Pas de différences de genre
« Les changements n’ont pas touché tout le monde de la même manière », déclare Marx. « Ce sont surtout de jeunes chercheurs d’emplois, des personnes peu ou moyennement qualifiées et des gens nés en dehors de l’Union européenne qui se retrouvent en inactivité. » Lens : « Ces mêmes groupes vulnérables se sont plus souvent retrouvés au chômage temporaire, alors que c’étaient les profils forts qui perdaient des heures, les personnes hautement qualifiées qui travaillaient comme manager ou dans une profession intellectuelle.
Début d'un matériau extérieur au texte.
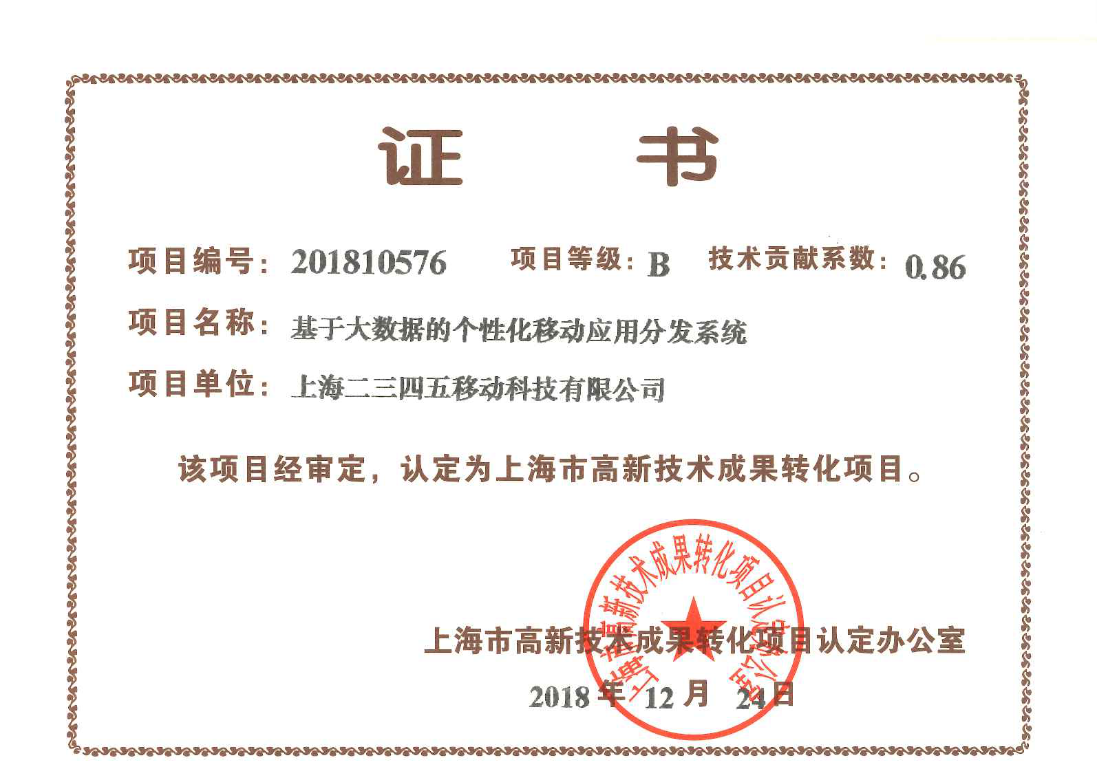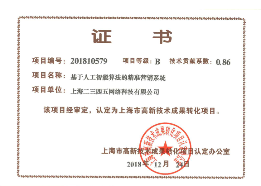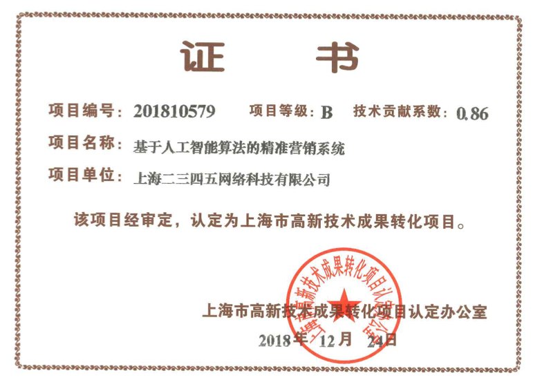 近日,上?;ヂ?lián)網(wǎng)巨頭、中國互聯(lián)網(wǎng)百強(qiáng)企業(yè)二三四五,再獲兩項(xiàng)上海市高新技術(shù)成果轉(zhuǎn)化認(rèn)證,分別為上海二三四五網(wǎng)絡(luò)科技有限公司的“基于人工智能算法的精準(zhǔn)營銷系統(tǒng)”和上海二三四五移動科技有限公司的“基于大數(shù)據(jù)的個性化移動應(yīng)用分發(fā)系統(tǒng)”。本次公布的上海高新技術(shù)轉(zhuǎn)化成果認(rèn)證的企業(yè)還包括中國石化在內(nèi)的其他共計(jì)70個項(xiàng)目。
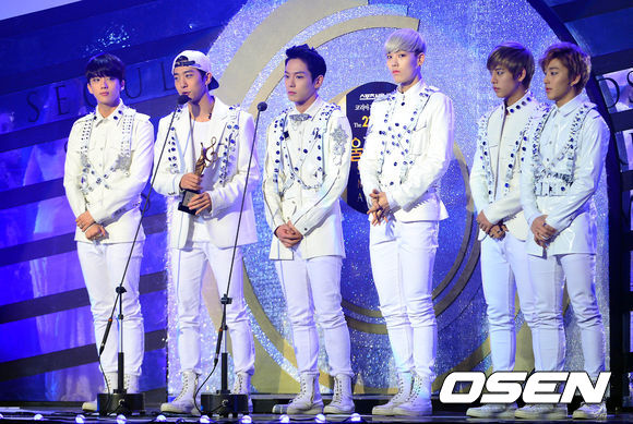 본상을 수상한 그룹 B.A.P가 수상소감을 말하고 있다.

Le chômage temporaire a touché beaucoup plus le secteur privé que le secteur public, les ouvriers que les employés, et davantage les travailleurs faiblement rémunérés. »
Le secteur et le type de profession ont également joué un rôle important. Les personnes actives dans l’horeca, le secteur artistique ou événementiel couraient un risque important de se retrouver au chômage temporaire. Celles qui exercent une profession essentielle couraient nettement moins de risques, tout comme les gens qui pouvaient facilement télétravailler. « Cependant le secteur n’était pas décisif pour le risque de perdre définitivement son travail », raconte Lens. « Le type de contrat et les années de service ont joué un rôle beaucoup plus important. Ce sont les personnes qui avaient un contrat temporaire à temps partiel ou avec peu d’ancienneté qui ont perdu leur emploi. C’est justement dans cette catégorie que l’on retrouve les groupes vulnérables. »
Que les femmes sont les grandes victimes de la crise, comme on le prétend parfois, ne se retrouve pas dans les chiffres. « Nous ne voyons pas de différences de genre », déclare Lens. « Il y a un nombre un peu plus élevé de femmes qui ont une profession essentielle, ou un emploi qui se prête au télétravail. »
Trop généreux?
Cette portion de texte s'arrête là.